Which lines run from the one containing "뉴스펀치 박상훈 기자" through the end of the data? Write them out exactly, with the pictures left out.

[Collection entries]
——————

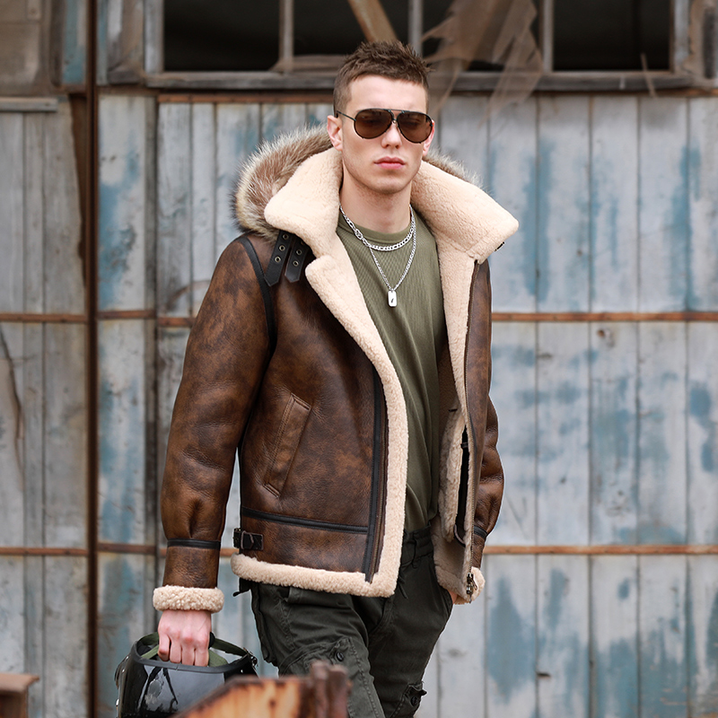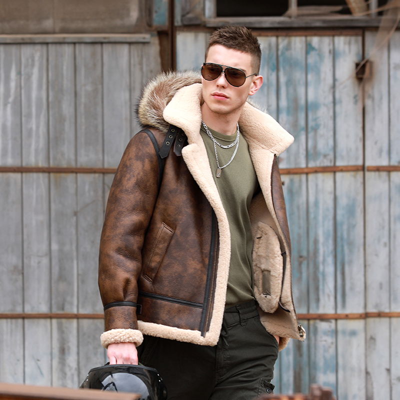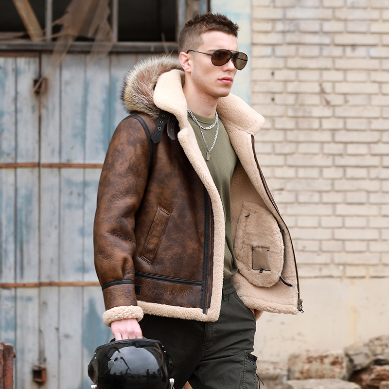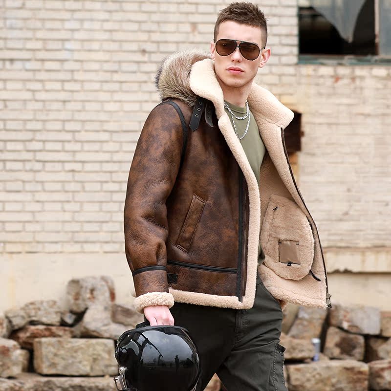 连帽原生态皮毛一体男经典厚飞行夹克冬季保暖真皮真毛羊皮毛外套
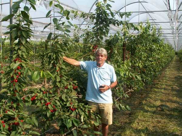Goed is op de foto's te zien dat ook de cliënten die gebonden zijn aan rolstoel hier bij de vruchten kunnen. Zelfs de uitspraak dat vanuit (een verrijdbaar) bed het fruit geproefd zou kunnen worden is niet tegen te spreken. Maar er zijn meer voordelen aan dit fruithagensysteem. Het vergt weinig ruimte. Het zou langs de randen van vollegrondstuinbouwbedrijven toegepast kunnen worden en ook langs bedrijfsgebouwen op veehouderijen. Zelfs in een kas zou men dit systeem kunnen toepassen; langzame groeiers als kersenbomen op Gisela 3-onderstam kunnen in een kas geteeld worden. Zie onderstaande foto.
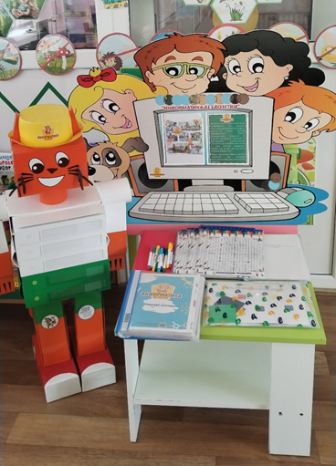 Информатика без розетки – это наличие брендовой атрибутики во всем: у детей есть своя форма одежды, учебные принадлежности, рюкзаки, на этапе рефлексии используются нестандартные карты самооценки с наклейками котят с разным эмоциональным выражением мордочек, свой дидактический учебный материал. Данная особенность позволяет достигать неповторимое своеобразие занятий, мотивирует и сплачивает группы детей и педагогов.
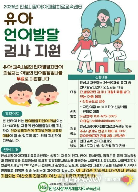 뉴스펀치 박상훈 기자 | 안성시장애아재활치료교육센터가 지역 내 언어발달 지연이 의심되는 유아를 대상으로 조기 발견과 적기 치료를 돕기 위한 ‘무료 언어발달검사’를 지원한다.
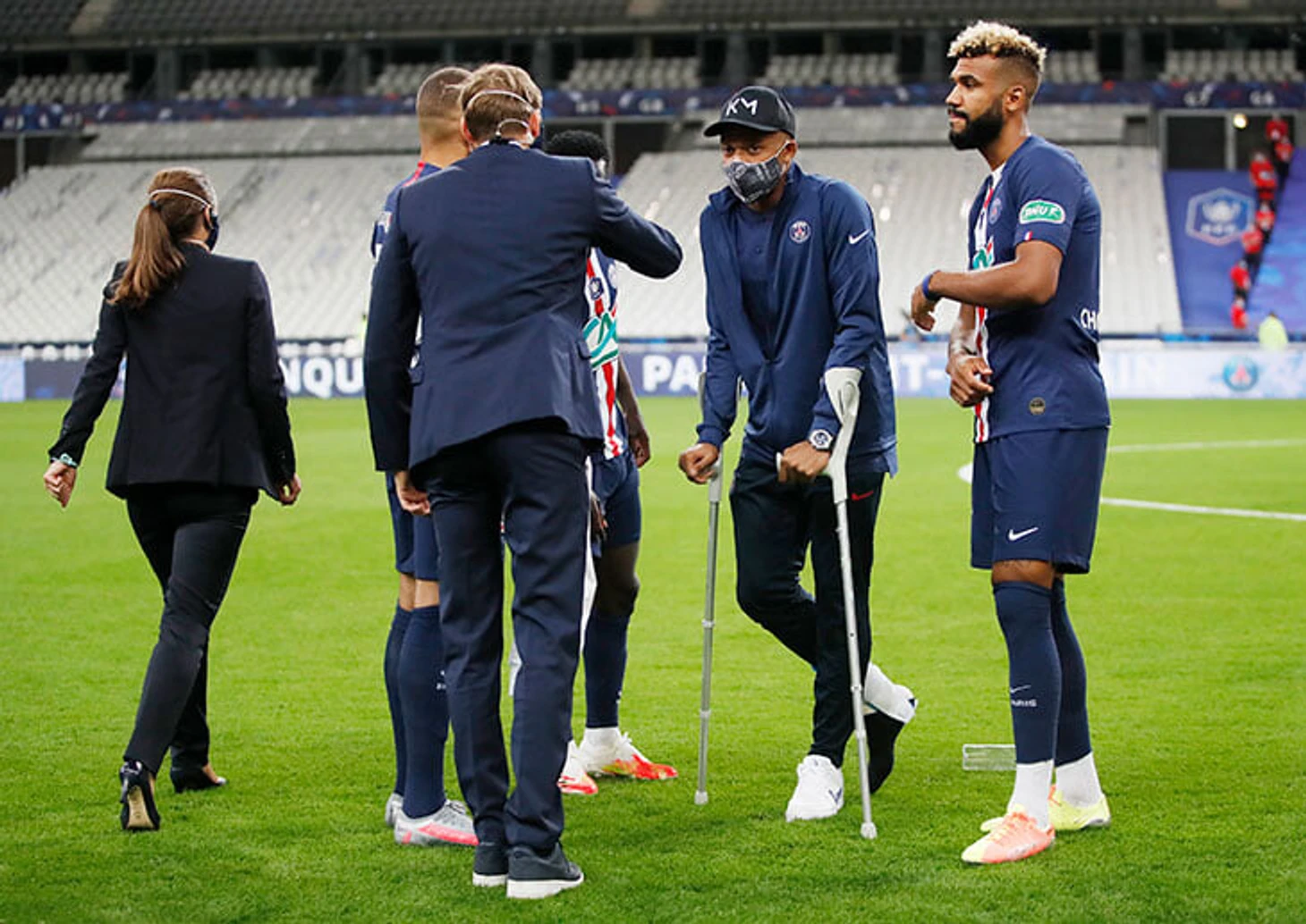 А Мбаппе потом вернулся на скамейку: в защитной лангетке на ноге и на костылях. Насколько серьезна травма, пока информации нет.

——————

• PROBLEM SOLUTION:
 뉴스펀치 박상훈 기자 | 안성시장애아재활치료교육센터가 지역 내 언어발달 지연이 의심되는 유아를 대상으로 조기 발견과 적기 치료를 돕기 위한 ‘무료 언어발달검사’를 지원한다.
 А Мбаппе потом вернулся на скамейку: в защитной лангетке на ноге и на костылях. Насколько серьезна травма, пока информации нет.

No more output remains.